- Born: 26 June 1998 (age 27) Karachi, Pakistan
- Education: Bachelor of Commerce
- Occupation: Actress
- Years active: 2018–present
- Known for: Sanwari Emaan

= Zainab Shabbir =

Pakistani television actress

Zainab Shabbir (born 26 June 1998) is a Pakistani television actress. She is best known for appearing in the dramas Sanwari, Piya Naam Ka Diya, Malaal-e-Yaar, Haqeeqat, Makafaat, Dikhawa, Mehar Posh, and Yaar Na Bichray. She was last seen as Sonia in Fareb (2023).

== Career ==
In 2018, Shabbir was picked by Momina Duraid and Sultana Siddiqui of the Hum Network to play the supporting role of Ishmal in Hum TV's Maa Sadqay. She then played the lead role of Ujala in Sanwari opposite Usama Khan for which she earned the Best Soap Actress nomination at Hum Awards. Shabbir coloured her skin a few shades darker for the project's 180-episode run. Her character, a plain-clothed, middle-class girl, was reminiscent of Sanam Saeed’s Kashaf in the iconic 2012 play Zindagi Gulzar Hai.
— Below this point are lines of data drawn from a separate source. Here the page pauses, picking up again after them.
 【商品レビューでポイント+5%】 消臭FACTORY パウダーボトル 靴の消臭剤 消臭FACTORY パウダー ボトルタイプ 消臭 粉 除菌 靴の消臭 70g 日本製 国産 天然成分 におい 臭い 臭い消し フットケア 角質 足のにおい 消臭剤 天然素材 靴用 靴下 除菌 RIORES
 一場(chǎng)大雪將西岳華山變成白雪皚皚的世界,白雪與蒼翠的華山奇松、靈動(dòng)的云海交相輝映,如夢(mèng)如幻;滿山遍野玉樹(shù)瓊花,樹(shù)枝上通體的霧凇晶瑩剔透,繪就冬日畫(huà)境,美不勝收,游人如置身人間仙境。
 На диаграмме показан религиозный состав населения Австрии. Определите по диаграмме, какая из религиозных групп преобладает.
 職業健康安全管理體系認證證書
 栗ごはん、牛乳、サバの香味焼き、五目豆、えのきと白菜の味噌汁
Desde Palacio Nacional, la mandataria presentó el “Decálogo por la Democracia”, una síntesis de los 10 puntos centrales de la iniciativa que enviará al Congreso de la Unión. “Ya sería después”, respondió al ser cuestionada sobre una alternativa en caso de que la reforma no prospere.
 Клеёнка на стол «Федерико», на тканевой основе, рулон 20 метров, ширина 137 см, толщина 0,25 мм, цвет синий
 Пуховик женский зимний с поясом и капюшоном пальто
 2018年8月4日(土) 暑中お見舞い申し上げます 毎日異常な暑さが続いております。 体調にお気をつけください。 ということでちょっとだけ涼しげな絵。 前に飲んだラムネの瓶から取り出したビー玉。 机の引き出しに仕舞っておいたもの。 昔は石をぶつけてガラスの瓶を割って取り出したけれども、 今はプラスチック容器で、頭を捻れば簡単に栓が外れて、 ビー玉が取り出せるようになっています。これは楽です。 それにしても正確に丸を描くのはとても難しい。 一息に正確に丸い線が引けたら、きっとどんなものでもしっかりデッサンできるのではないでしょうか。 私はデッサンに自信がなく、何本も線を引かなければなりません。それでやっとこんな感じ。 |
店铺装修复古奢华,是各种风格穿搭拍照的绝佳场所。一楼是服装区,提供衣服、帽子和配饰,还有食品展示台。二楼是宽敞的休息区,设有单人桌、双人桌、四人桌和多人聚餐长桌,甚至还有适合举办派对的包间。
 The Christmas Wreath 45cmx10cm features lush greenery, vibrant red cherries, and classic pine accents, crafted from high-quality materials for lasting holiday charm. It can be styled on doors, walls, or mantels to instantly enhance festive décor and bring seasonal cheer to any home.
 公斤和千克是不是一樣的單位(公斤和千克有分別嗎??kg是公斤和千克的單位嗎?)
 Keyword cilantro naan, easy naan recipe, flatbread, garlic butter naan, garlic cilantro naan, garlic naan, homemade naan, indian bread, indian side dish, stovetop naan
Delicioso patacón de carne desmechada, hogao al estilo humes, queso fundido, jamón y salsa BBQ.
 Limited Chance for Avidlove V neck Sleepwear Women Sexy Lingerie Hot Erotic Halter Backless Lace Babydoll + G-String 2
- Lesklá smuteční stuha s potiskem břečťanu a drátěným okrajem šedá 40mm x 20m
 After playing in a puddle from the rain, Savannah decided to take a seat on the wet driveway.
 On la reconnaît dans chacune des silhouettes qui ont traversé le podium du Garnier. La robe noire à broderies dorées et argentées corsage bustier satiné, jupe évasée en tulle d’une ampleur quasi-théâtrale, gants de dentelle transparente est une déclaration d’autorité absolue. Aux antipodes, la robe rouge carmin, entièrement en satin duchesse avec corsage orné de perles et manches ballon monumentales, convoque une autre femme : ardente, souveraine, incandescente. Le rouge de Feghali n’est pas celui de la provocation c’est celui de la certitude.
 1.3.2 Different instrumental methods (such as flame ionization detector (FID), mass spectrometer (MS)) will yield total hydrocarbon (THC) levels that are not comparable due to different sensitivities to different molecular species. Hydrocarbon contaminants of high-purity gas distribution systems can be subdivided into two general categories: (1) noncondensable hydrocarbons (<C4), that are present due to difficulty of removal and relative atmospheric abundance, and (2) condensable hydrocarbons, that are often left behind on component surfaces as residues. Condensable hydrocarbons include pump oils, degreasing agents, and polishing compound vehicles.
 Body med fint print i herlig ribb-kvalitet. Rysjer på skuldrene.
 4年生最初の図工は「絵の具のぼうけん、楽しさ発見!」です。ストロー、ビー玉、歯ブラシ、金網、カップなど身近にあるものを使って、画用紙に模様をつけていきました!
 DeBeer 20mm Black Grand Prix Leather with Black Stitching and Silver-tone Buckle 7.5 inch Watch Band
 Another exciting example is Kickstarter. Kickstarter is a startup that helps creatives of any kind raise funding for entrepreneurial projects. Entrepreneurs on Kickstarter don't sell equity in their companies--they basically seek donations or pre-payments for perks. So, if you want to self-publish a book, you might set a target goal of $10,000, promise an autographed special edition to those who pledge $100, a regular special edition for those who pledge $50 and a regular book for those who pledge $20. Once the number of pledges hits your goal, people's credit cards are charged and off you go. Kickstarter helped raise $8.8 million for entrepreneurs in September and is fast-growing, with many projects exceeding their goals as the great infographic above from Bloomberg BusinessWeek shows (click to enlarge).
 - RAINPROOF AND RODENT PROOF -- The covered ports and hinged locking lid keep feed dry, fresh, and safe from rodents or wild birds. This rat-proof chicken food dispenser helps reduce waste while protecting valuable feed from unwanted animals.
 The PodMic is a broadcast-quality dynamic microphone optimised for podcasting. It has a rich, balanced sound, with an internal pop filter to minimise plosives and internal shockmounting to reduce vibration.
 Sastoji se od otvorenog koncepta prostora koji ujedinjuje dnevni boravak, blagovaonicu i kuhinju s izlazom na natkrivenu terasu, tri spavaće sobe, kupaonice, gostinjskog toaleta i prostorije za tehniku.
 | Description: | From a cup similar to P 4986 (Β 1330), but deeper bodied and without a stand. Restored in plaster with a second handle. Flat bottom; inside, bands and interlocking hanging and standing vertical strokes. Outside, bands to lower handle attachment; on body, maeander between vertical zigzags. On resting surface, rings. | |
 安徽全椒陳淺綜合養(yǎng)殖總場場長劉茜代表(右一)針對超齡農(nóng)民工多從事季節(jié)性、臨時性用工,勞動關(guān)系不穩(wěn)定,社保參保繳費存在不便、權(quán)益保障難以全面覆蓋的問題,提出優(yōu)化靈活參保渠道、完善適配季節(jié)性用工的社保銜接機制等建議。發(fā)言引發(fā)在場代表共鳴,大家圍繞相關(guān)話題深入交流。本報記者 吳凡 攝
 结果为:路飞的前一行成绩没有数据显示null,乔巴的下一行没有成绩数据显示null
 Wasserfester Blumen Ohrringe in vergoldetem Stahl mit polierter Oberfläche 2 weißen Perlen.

In 2019, she was cast as the strong and independent female protagonist in LTN’s Emaan that ran for 73 episodes. She also appeared as Aaliya in Saleem Ghanchi's Piya Naam Ka Diya with Saniya Shamshad and Farhan Malhi, and as Minhal in Asad Jabal's Malaal-e-Yaar alongside Azekah Daniel and Mirza Zain Baig. The latter was a commercial and critical success. Shabbir made an episodic special appearance in the anthology series Haqeeqat.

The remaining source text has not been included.